SUPPLIED DATA
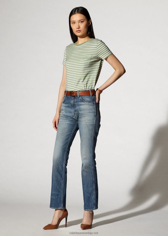 Жене Ralph Lauren пругаста мајица са широким џепом V2V449126 мента/бели
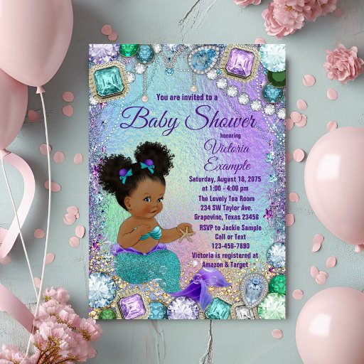Jewel Sjöjungfru Afro Hair Baby Shower Inbjudningar
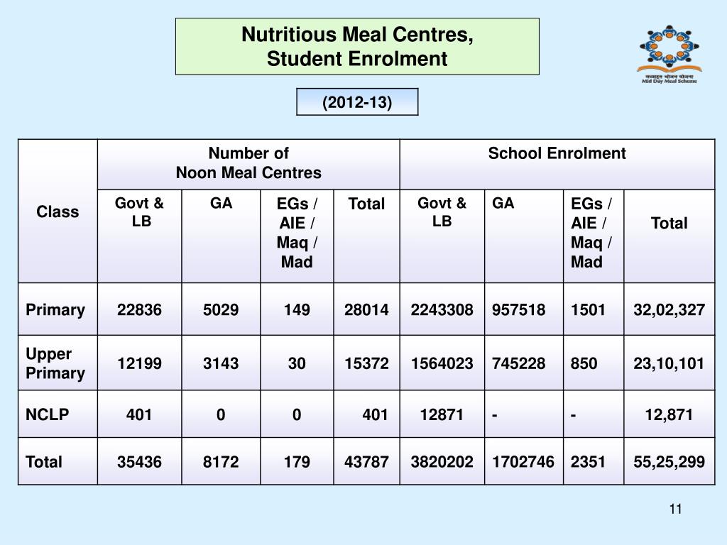 Nutritious Meal Centres, Student Enrolment
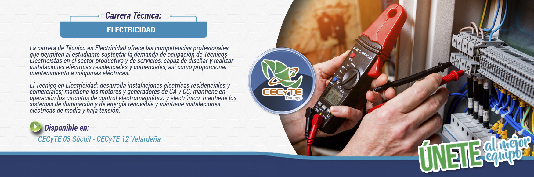 La formación que ofrece la carrera de Técnico en Electricidad permite al egresado, a través de la articulación de saberes de diversos campos, realizar actividades dirigidas a la certificación como técnico eléctrico.
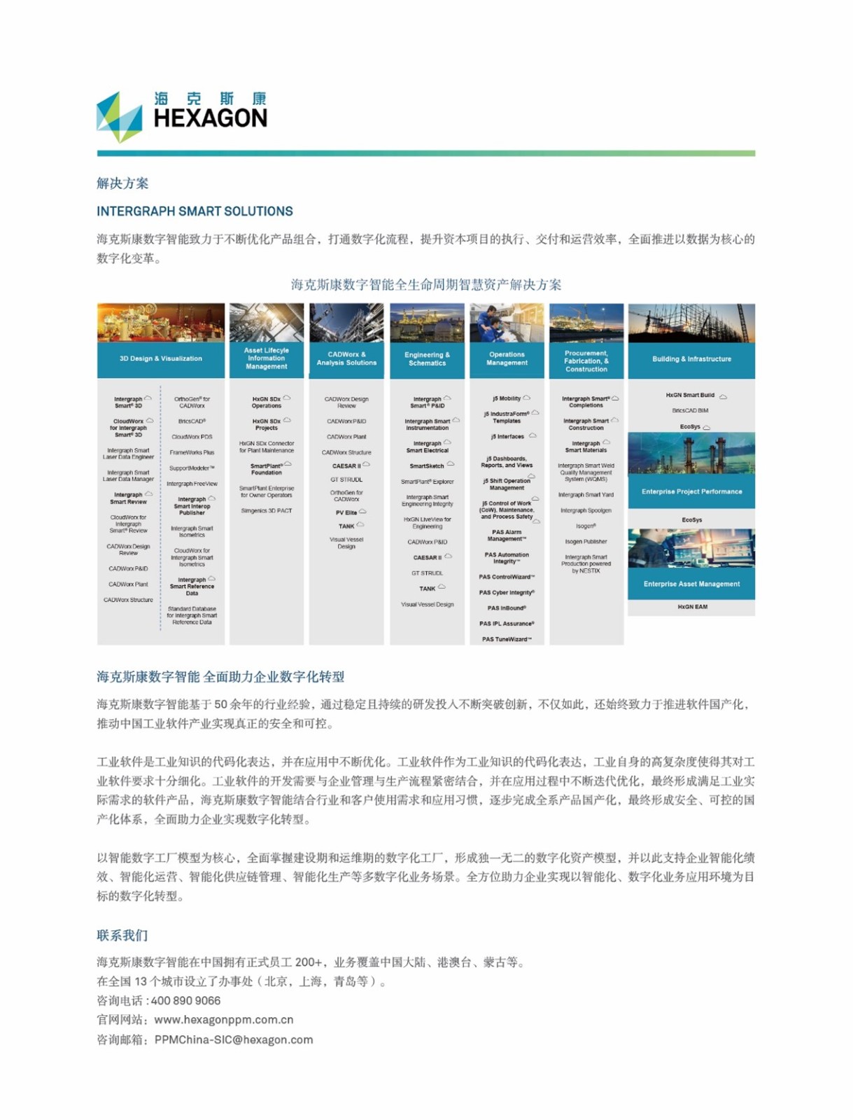海克斯康数字智能为各类电厂提供面向全生命周期的数字化解决方案,从前期工程设计、建造,到后期运维、延寿/退役,所提供的产品线贯穿项目各个阶段,全面保障实现工程过程智能化,并为高质量且安全的工厂运营提供技术支撑。
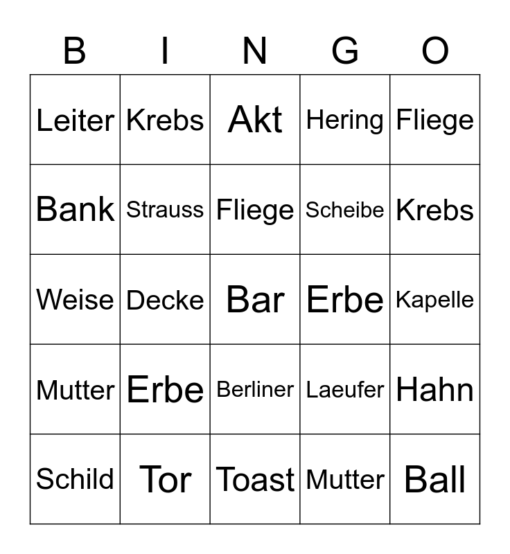 This bingo card has a free space and 24 words: Erbe, Tor, Fliege, Schild, Fliege, Leiter, Bank, Krebs, Erbe, Berliner, Scheibe, Weise, Laeufer, Hahn, Strauss, Mutter, Kapelle, Akt, Krebs, Decke, Ball, Mutter, Hering and Toast.
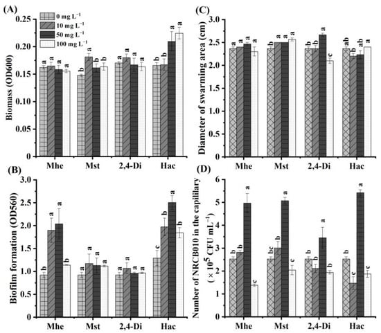 Effects of four tomato root exudate metabolites on Pseudomonas stutzeri NRCB010. (A) Biomass (n = 8), (B) biofilm formation (n = 8), (C) diameter of swarming area (n = 3), and (D) chemotaxis (n = 3). Bars are means ± standard error. Different letters above the bars at the same metabolite denote significant differences between concentrations by Duncan’s post hoc test (p < 0.05). Mhe presents methyl hexadecanoate; Mst presents methyl stearate; 2,4-Di presents 2,4-di-tert-butylphenol; and Hac presents n-hexadecanoic acid.
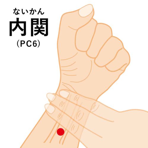 二日酔いや車酔いなどにも効果があり、市販でも内関バンドというツボを刺激してくれるグッズが売られているほど認知されているツボです。

ASSIGNMENT
Return exactly what appears from the opening line of the material through the line with "La formación que", apart from the pictures.

EXERCISE OUTPUT
 Жене Ralph Lauren пругаста мајица са широким џепом V2V449126 мента/бели
Jewel Sjöjungfru Afro Hair Baby Shower Inbjudningar
 Nutritious Meal Centres, Student Enrolment
 La formación que ofrece la carrera de Técnico en Electricidad permite al egresado, a través de la articulación de saberes de diversos campos, realizar actividades dirigidas a la certificación como técnico eléctrico.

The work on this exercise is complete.